For many and varied reasons, domestic violence has become a source of great concern in Australia. The statistics tell a sad and harrowing tale of the harm caused by family domestic violence, in particular to women and children but also to men. In 2017, for example, the Australian Bureau of Statistics found that nearly 40% of women experienced violence by their partner even after separation.
One way the family courts try to deal with this chronic problem is through domestic violence orders (DVOs), designed to prevent threats and/or acts of domestic violence by one partner against another. The order imposes certain rules on the ‘respondent’ – the person responsible for the threats or acts of violence – to keep others safe. Breaking these rules constitutes an illegal act.
Below we’ll outline some of the most common forms of DVO, including how they are applied for and how they work once implemented. If anything in this article raises a question or concern for you, you should arrange a consultation with family law specialists Hannay Lawyers as soon as you can to help you understand the implications of a DVO.
Types of DVOs
DVOs comprise either a protection order or a temporary protection order.
Protection orders are made by a court to last up to five years in situations where domestic family violence has occurred, though they can be made for shorter periods. A temporary protection order is generally made in urgent situations where one partner in a relationship is, or feels they are, in danger. It’s designed to provide protection for those in danger (known in the order as ‘the aggrieved’) until the time an application for a full protection order can be made.
Applying for a DVO
If you need a protection or temporary protection order made against someone, you can either apply yourself through the online forms or in-person at a Magistrate’s Court, or have a police officer, lawyer, friend or family member apply on your behalf. The form must be accompanied by a statutory declaration witnessed by a Justice of the Peace or Commissioner for Declarations.
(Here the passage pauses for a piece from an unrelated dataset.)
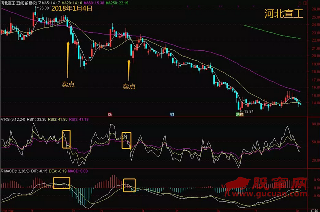 2、MACD、RSI同时段死叉:为卖出信号;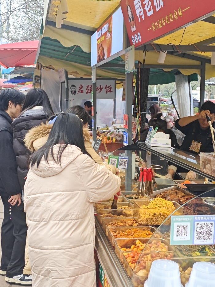 A bustling street food market scene showcases vendors serving customers. One stall advertises "Qiang's Fried Rice." Another, decorated in red, claims to offer "Chongqing's Best Marinated Delicacies." A woman in a beige puffer coat uses tongs to select items from a display case filled with various dishes. QR codes on the glass encourage customers to pay via WeChat Pay and Alipay. A line of people waits patiently, eager to sample the diverse culinary offerings.

If granted the basic conditions of a protection order will stop someone from:
- approaching the aggrieved at home or work;
- staying in a home they both currently share or previously shared, even if the house is owned or rented in the respondent’s name;
- approaching relatives or friends (if named in the order);
- going to a child’s school or day care centre.
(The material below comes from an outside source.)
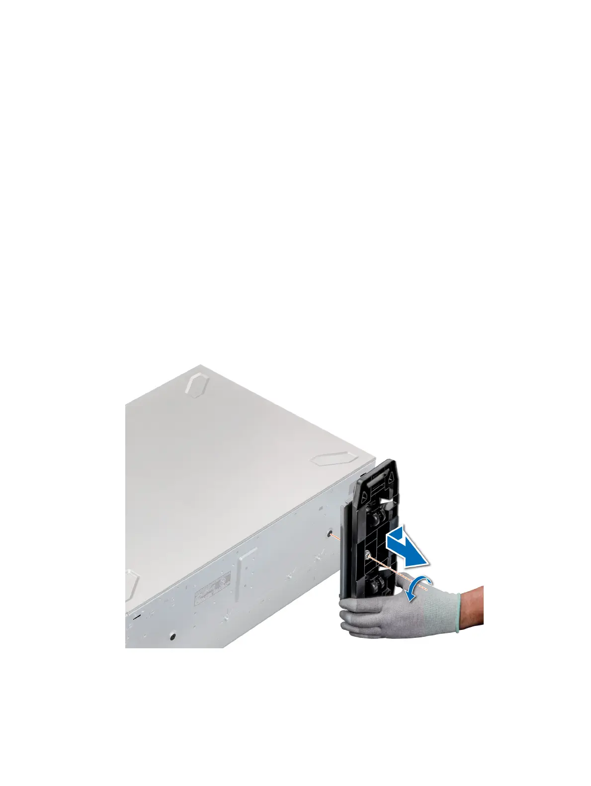 1 Using the Phillips #2 screwdriver, loosen the captive screw that secures the front wheel unit to the base of the system.

Additional conditions can be nominated by the aggrieved in an application to the court for a protection order.
In situations where you feel you are in immediate danger from an ex-partner or family member, you should immediately contact police. The police investigate incidences of domestic violence under the Domestic Violence (Family Protection) Act 2012. Where they believe domestic violence has occurred, the police can issue a police protection notice to the respondent which requires them to be of good behaviour, not commit further acts of domestic violence, and not contact or come within a certain distance of the aggrieved’s premises for 24 hours.
Police may also take the respondent into custody for up to four hours if they believe a person is in immediate danger. Police can also apply for a temporary protection order on behalf of the aggrieved, and charge the respondent with a criminal offence if the aggrieved has been hurt.
How a DVO works and what happens if one is breached
Once a DVO has been issued, both parties involved receive a copy of the order, as do any other people listed on the order. Whether you’re the aggrieved or the respondent, it’s important to keep this document safe yet accessible, in case it needs to be seen by police.
The issuing of a DVO does not necessarily mean the aggrieved and the respondent will live separately or that they must end their relationship, unless the conditions in the order specify one party must stay away from the other.
Failing to observe the conditions of either a protection or temporary protection order is a criminal offence. If a person protected by such an order observes a breach he or she should immediately report it to the police, who can charge the respondent with breaching the order.
Penalties if found guilty of breaching a DVO can be up to three years imprisonment for an initial breach and up to five years imprisonment if there is a second breach within five years.
It should be noted that the imposition of a DVO is a civil court order, meaning the order itself does not appear on the respondent’s criminal history. It is the breach of the order which is a criminal offence.
Additionally, where a respondent has a weapons licence, their licence will be suspended or cancelled, and they can’t hold another licence for up to five years, if they are the subject of a DVO.
A DVO can also be made even if there is already another family law order in place, such as one relating to the living arrangements of children. The court will consider all orders made, including whether there are proceedings currently before a court, before making a DVO order.
In many cases where there is a lot of acrimony and high emotion, a respondent will wish to also apply for a DVO against the aggrieved party (known as a cross application). If known to the court, it’s possible for the court to hear both DVO applications together.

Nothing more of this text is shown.